The subgroup of "The Mothers" understood that the situation of the children kidnapped by security forces was different from that of their parents, and that specific strategies and methods were needed for their recovery. "Search for our grandchildren without forgetting our children" was the motto which united them.[12]
During the military dictatorship and despite the risks, the Grandmothers of the Plaza de Mayo began investigations in order to find their grandchildren, without abandoning the search for their children, at the same time as starting a national and international public awareness campaign focusing on their missing grandchildren and the dictatorship's systematic kidnapping of children.

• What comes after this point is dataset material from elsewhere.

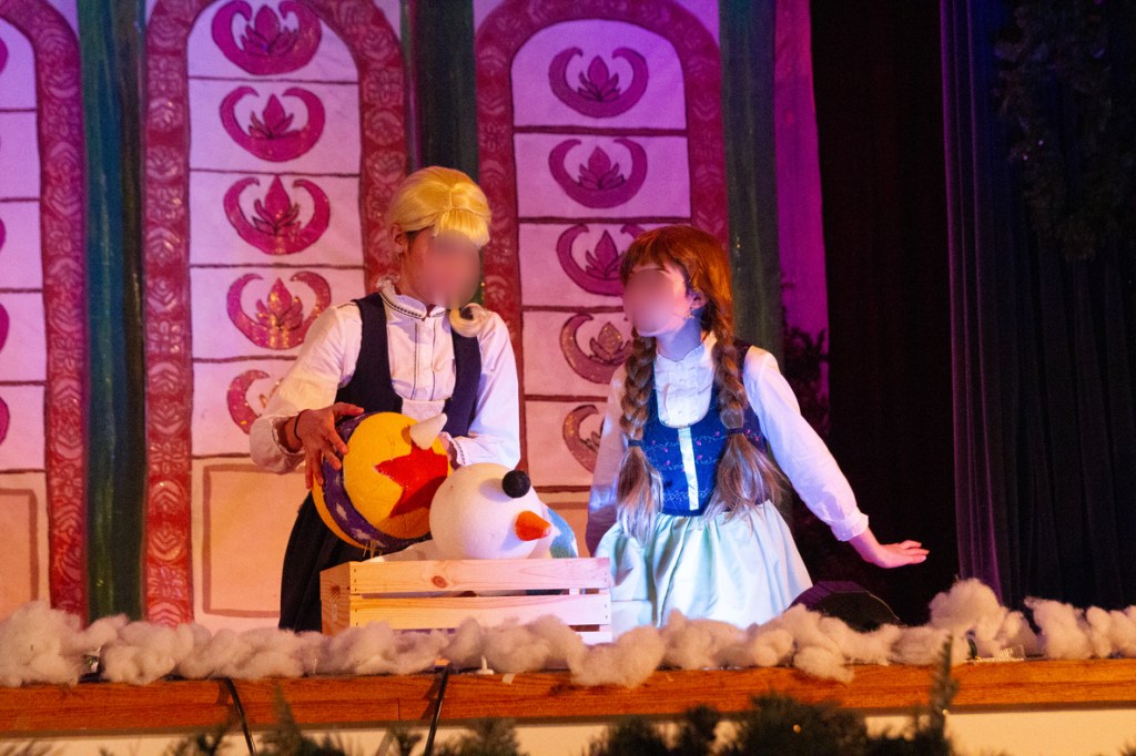 We also had a pretty cool Anna quick change during “For the First Time in Forever.” She starts the scene in a nightgown and about halfway through the song changes into her coronation dress! This is done in about twenty seconds by my absolutely stellar crew. Our Annas are already wearing the bodice of the costume under the nightgown, so they get into the skirt with the help of the costume crew and run right back out onstage. It’s frantic and crazy for the crew but looks absolutely flawless to the audience!

Once democracy was restored on December 10, 1983, the grandmothers promoted the use of the most recent genetic advances to establish a system for identifying their stolen grandchildren, a system unprecedented in the world, and pressured the state into indicting those responsible for the kidnapping of children, considering them to be part of a plan of repression.
In 1984, the Grandmothers became a civil non-profit association, with Alicia stepping down as president and the role passing on to María Isabel de Mariani (Chicha). At that time, her husband had just died. From then on, Alicia continued as the group's spokeswoman. By 2008, the Grandmothers of the Plaza de Mayo had recovered 88 grandchildren. It is estimated that, in total, about five hundred children born between 1975 and 1980 were kidnapped.